(Collected material):
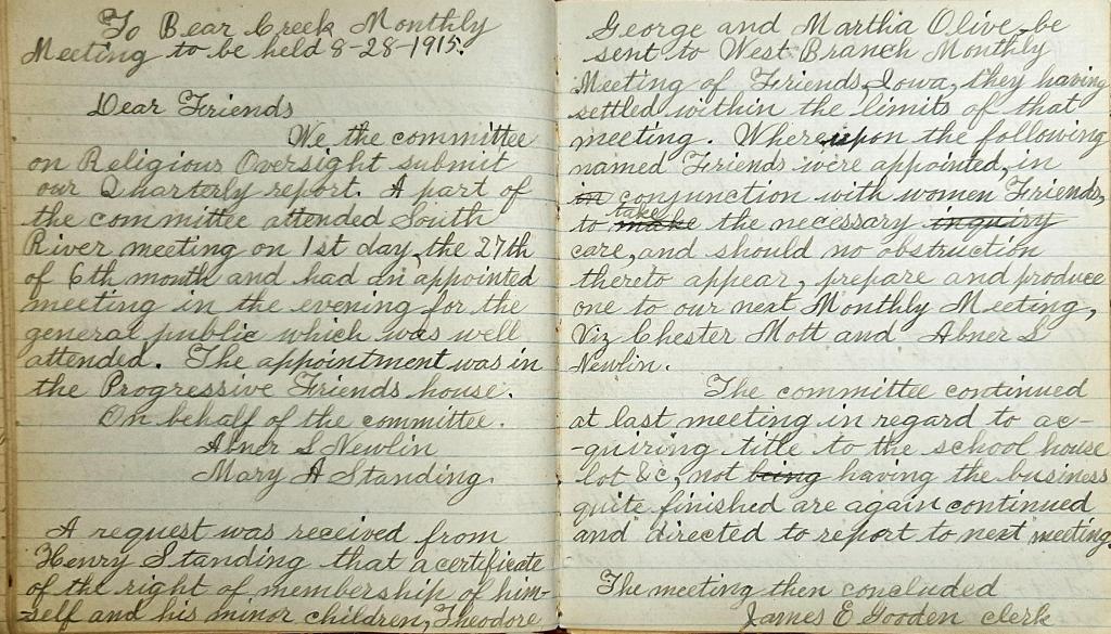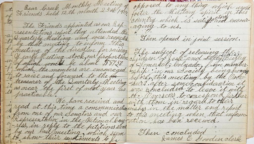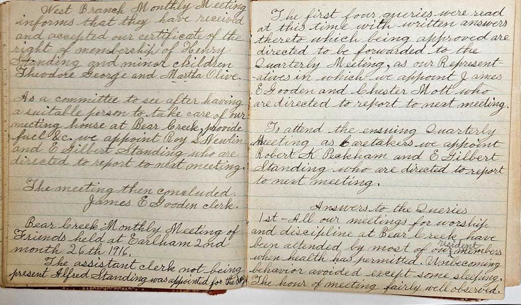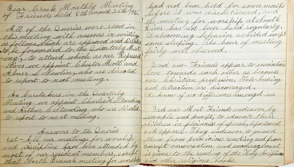 Bear Creek Monthly Meeting of Friends Minutes 11.16.1899 11.25.1916
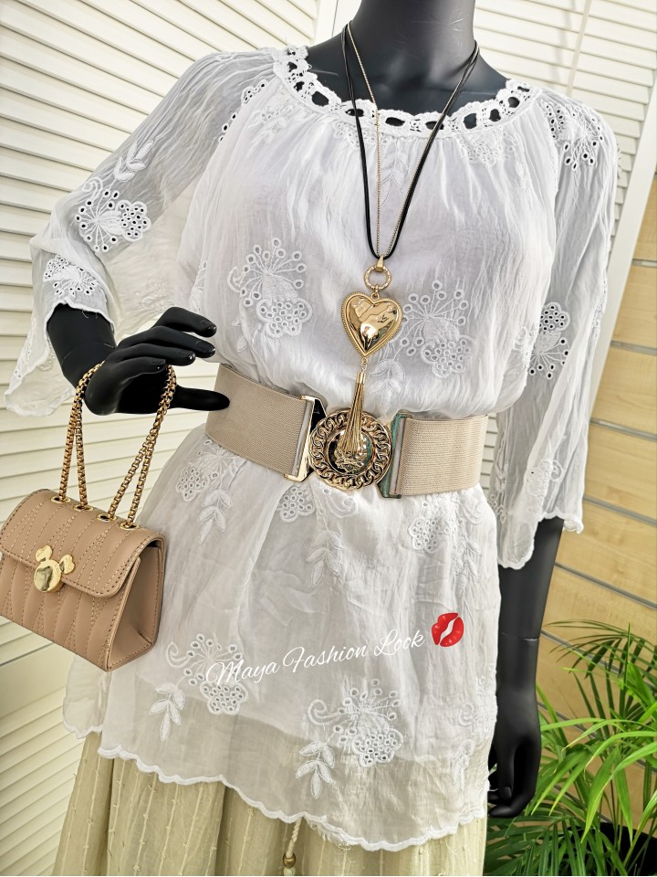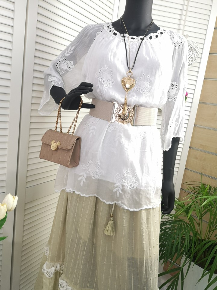 Oversizowa bluzka z jedwabiu z haftem
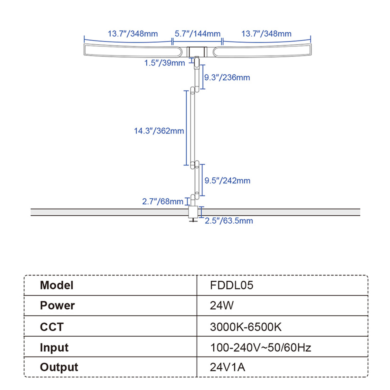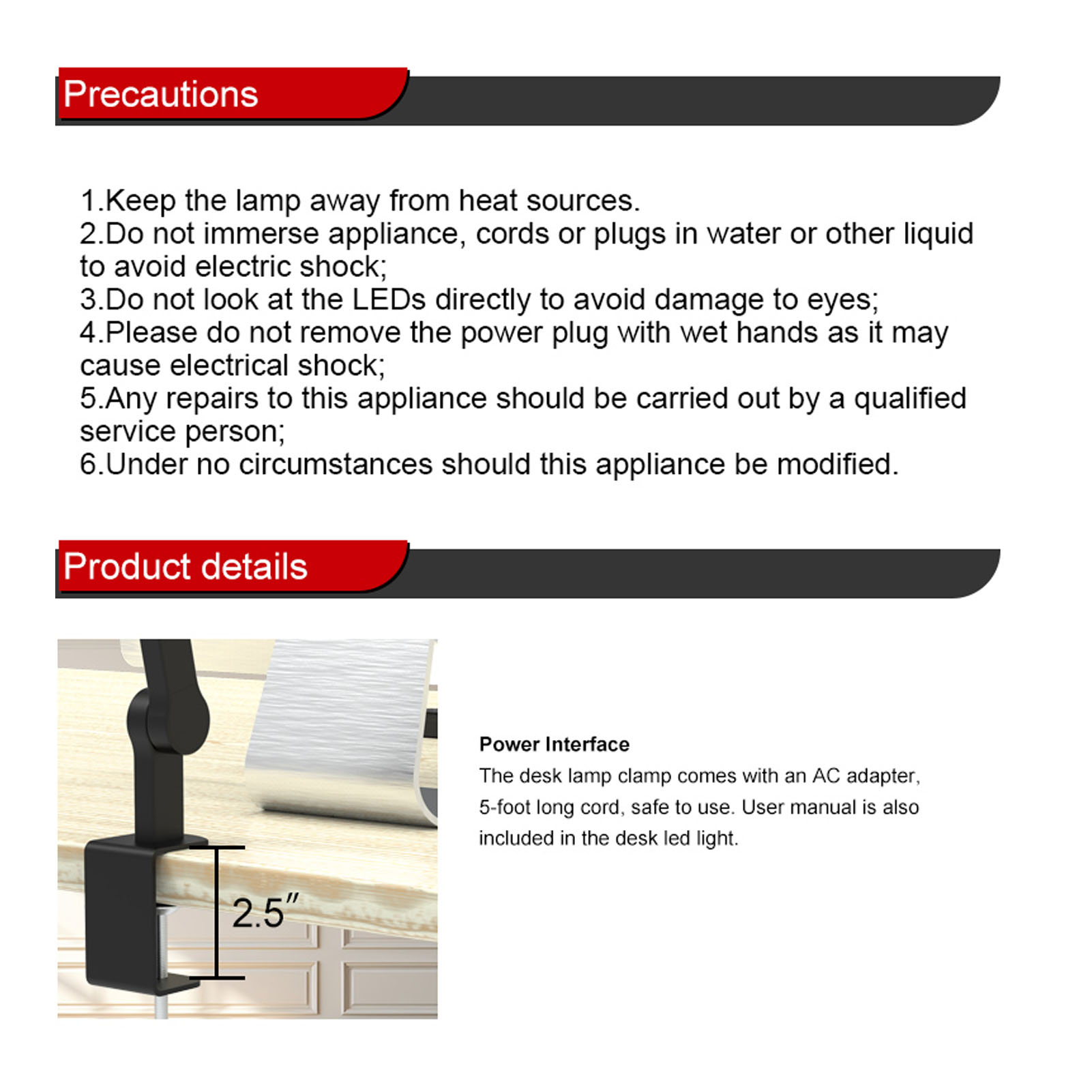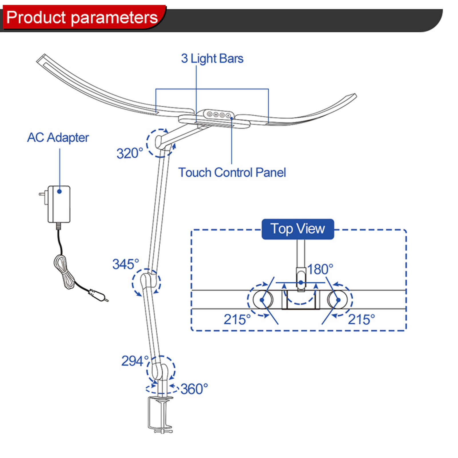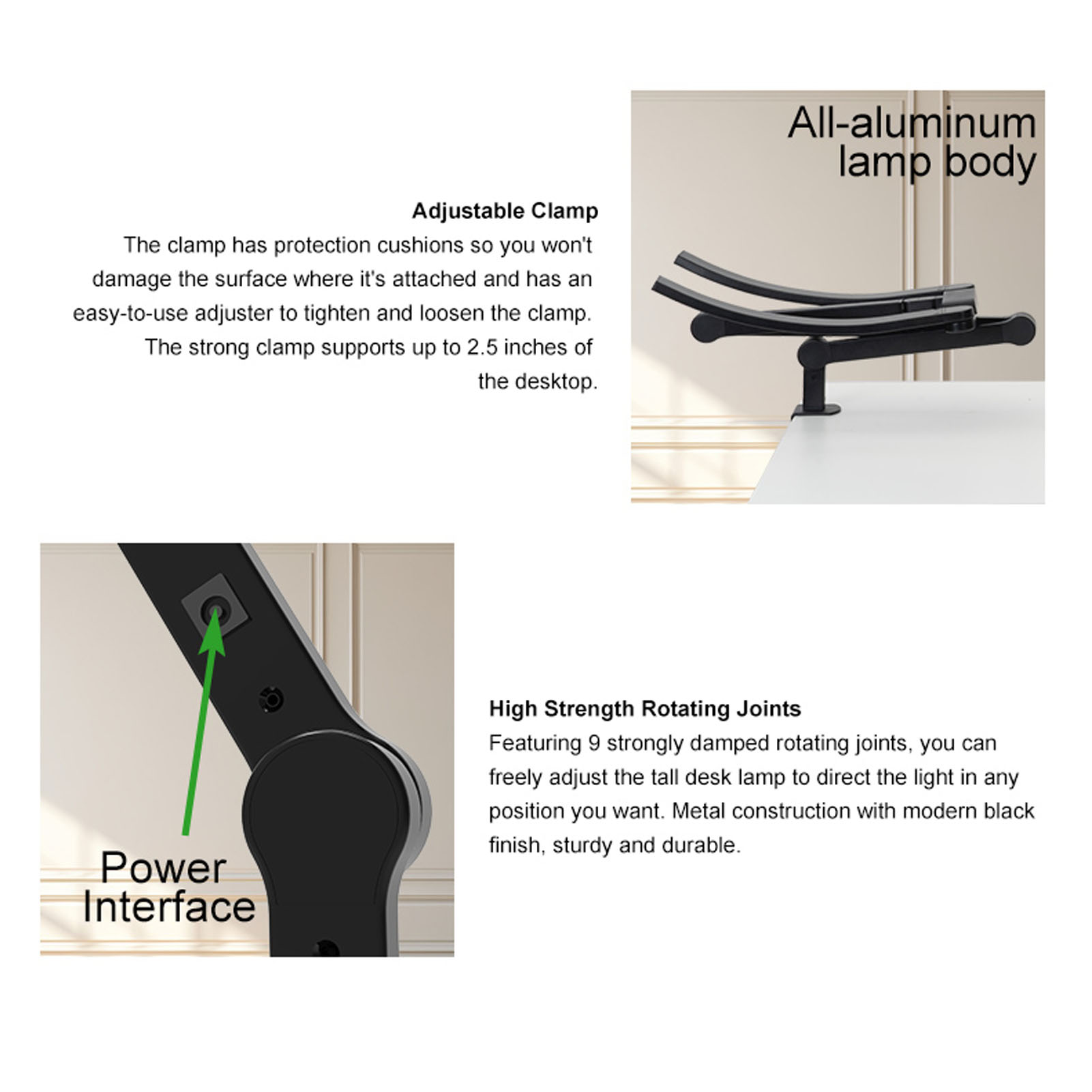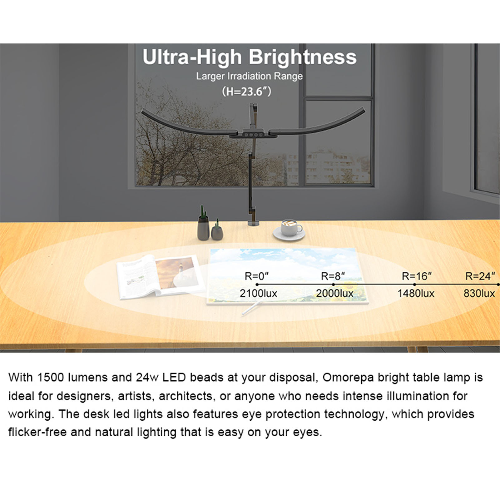 桌面学习阅读台灯 专业工程师建筑师模型师台灯 多角度自由调节灯光支架 3000-6500K无极调光 可智能自适应调光 100-240V 欧规 YM 3119240118012 G

(Your instructions):
Ignore the images and quote every line of the listing exactly.

(Result of the task):
 Bear Creek Monthly Meeting of Friends Minutes 11.16.1899 11.25.1916
 Oversizowa bluzka z jedwabiu z haftem
 桌面学习阅读台灯 专业工程师建筑师模型师台灯 多角度自由调节灯光支架 3000-6500K无极调光 可智能自适应调光 100-240V 欧规 YM 3119240118012 G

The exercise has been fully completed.